## Assignment
Write the data out again, character for character, with no images.

## Supplied material

*** Begin section ***

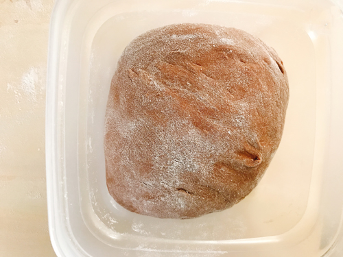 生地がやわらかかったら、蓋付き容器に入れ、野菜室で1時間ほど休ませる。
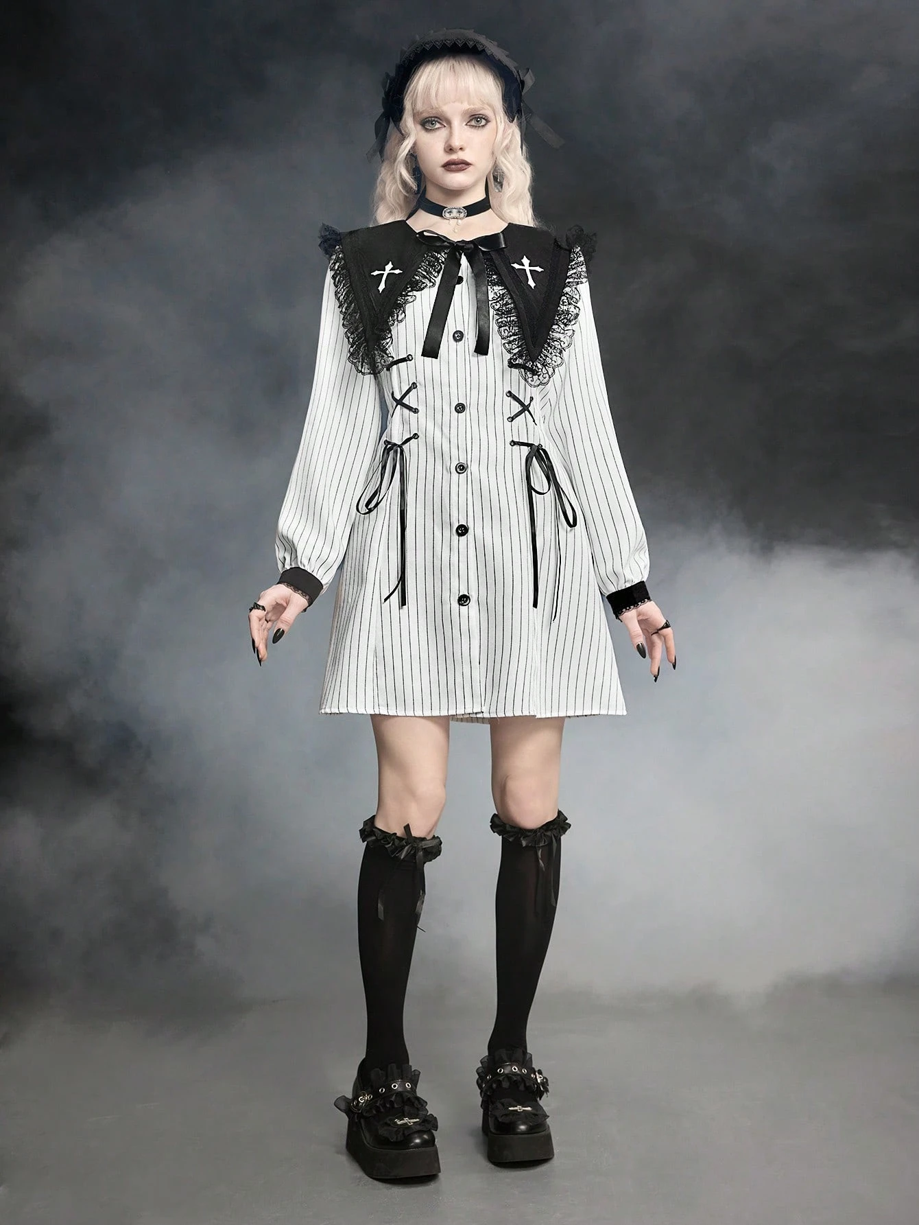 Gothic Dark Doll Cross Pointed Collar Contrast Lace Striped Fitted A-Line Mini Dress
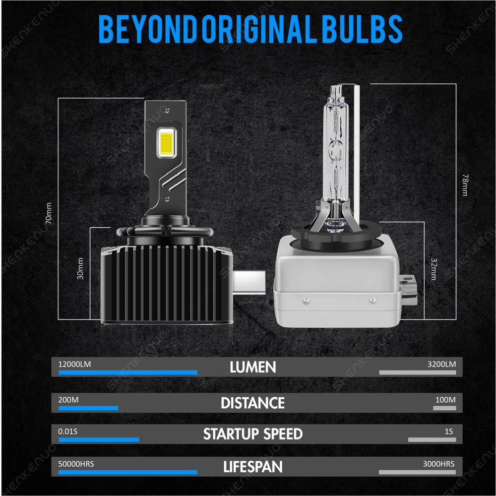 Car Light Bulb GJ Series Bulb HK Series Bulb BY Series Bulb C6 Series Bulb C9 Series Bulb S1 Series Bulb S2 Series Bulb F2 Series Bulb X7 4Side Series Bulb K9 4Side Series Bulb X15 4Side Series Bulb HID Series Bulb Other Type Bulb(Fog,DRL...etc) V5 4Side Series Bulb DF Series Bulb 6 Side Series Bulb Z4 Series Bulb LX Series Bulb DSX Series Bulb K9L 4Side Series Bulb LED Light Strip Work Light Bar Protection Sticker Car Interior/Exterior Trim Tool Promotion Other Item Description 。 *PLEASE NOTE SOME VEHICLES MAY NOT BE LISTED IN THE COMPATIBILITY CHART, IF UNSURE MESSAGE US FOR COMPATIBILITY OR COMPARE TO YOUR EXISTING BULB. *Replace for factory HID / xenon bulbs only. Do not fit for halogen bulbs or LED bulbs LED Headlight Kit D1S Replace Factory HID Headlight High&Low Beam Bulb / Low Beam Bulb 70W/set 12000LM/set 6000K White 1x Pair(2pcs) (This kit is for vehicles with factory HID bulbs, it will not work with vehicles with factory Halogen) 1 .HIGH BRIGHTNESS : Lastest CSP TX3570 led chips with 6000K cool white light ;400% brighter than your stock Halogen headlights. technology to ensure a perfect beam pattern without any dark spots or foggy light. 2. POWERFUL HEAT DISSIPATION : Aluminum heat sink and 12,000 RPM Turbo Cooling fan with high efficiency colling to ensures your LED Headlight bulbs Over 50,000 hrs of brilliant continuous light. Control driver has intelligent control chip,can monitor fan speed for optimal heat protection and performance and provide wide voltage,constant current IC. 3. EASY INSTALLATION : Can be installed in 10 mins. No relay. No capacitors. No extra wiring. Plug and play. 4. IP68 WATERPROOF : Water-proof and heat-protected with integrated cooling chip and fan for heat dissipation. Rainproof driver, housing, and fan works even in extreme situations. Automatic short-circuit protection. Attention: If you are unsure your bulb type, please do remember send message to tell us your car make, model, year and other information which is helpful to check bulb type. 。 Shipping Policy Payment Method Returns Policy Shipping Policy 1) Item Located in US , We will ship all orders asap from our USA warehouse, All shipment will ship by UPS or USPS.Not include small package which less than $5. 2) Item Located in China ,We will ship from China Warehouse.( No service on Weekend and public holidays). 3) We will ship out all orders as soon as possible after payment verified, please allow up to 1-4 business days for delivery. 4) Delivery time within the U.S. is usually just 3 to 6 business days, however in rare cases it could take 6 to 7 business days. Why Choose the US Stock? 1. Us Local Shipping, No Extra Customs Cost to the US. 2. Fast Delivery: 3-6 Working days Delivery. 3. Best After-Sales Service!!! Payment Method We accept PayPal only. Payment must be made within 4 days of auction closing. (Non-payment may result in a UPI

*** End section ***

## Answer area
 生地がやわらかかったら、蓋付き容器に入れ、野菜室で1時間ほど休ませる。
 Gothic Dark Doll Cross Pointed Collar Contrast Lace Striped Fitted A-Line Mini Dress
 Car Light Bulb GJ Series Bulb HK Series Bulb BY Series Bulb C6 Series Bulb C9 Series Bulb S1 Series Bulb S2 Series Bulb F2 Series Bulb X7 4Side Series Bulb K9 4Side Series Bulb X15 4Side Series Bulb HID Series Bulb Other Type Bulb(Fog,DRL...etc) V5 4Side Series Bulb DF Series Bulb 6 Side Series Bulb Z4 Series Bulb LX Series Bulb DSX Series Bulb K9L 4Side Series Bulb LED Light Strip Work Light Bar Protection Sticker Car Interior/Exterior Trim Tool Promotion Other Item Description 。 *PLEASE NOTE SOME VEHICLES MAY NOT BE LISTED IN THE COMPATIBILITY CHART, IF UNSURE MESSAGE US FOR COMPATIBILITY OR COMPARE TO YOUR EXISTING BULB. *Replace for factory HID / xenon bulbs only. Do not fit for halogen bulbs or LED bulbs LED Headlight Kit D1S Replace Factory HID Headlight High&Low Beam Bulb / Low Beam Bulb 70W/set 12000LM/set 6000K White 1x Pair(2pcs) (This kit is for vehicles with factory HID bulbs, it will not work with vehicles with factory Halogen) 1 .HIGH BRIGHTNESS : Lastest CSP TX3570 led chips with 6000K cool white light ;400% brighter than your stock Halogen headlights. technology to ensure a perfect beam pattern without any dark spots or foggy light. 2. POWERFUL HEAT DISSIPATION : Aluminum heat sink and 12,000 RPM Turbo Cooling fan with high efficiency colling to ensures your LED Headlight bulbs Over 50,000 hrs of brilliant continuous light. Control driver has intelligent control chip,can monitor fan speed for optimal heat protection and performance and provide wide voltage,constant current IC. 3. EASY INSTALLATION : Can be installed in 10 mins. No relay. No capacitors. No extra wiring. Plug and play. 4. IP68 WATERPROOF : Water-proof and heat-protected with integrated cooling chip and fan for heat dissipation. Rainproof driver, housing, and fan works even in extreme situations. Automatic short-circuit protection. Attention: If you are unsure your bulb type, please do remember send message to tell us your car make, model, year and other information which is helpful to check bulb type. 。 Shipping Policy Payment Method Returns Policy Shipping Policy 1) Item Located in US , We will ship all orders asap from our USA warehouse, All shipment will ship by UPS or USPS.Not include small package which less than $5. 2) Item Located in China ,We will ship from China Warehouse.( No service on Weekend and public holidays). 3) We will ship out all orders as soon as possible after payment verified, please allow up to 1-4 business days for delivery. 4) Delivery time within the U.S. is usually just 3 to 6 business days, however in rare cases it could take 6 to 7 business days. Why Choose the US Stock? 1. Us Local Shipping, No Extra Customs Cost to the US. 2. Fast Delivery: 3-6 Working days Delivery. 3. Best After-Sales Service!!! Payment Method We accept PayPal only. Payment must be made within 4 days of auction closing. (Non-payment may result in a UPI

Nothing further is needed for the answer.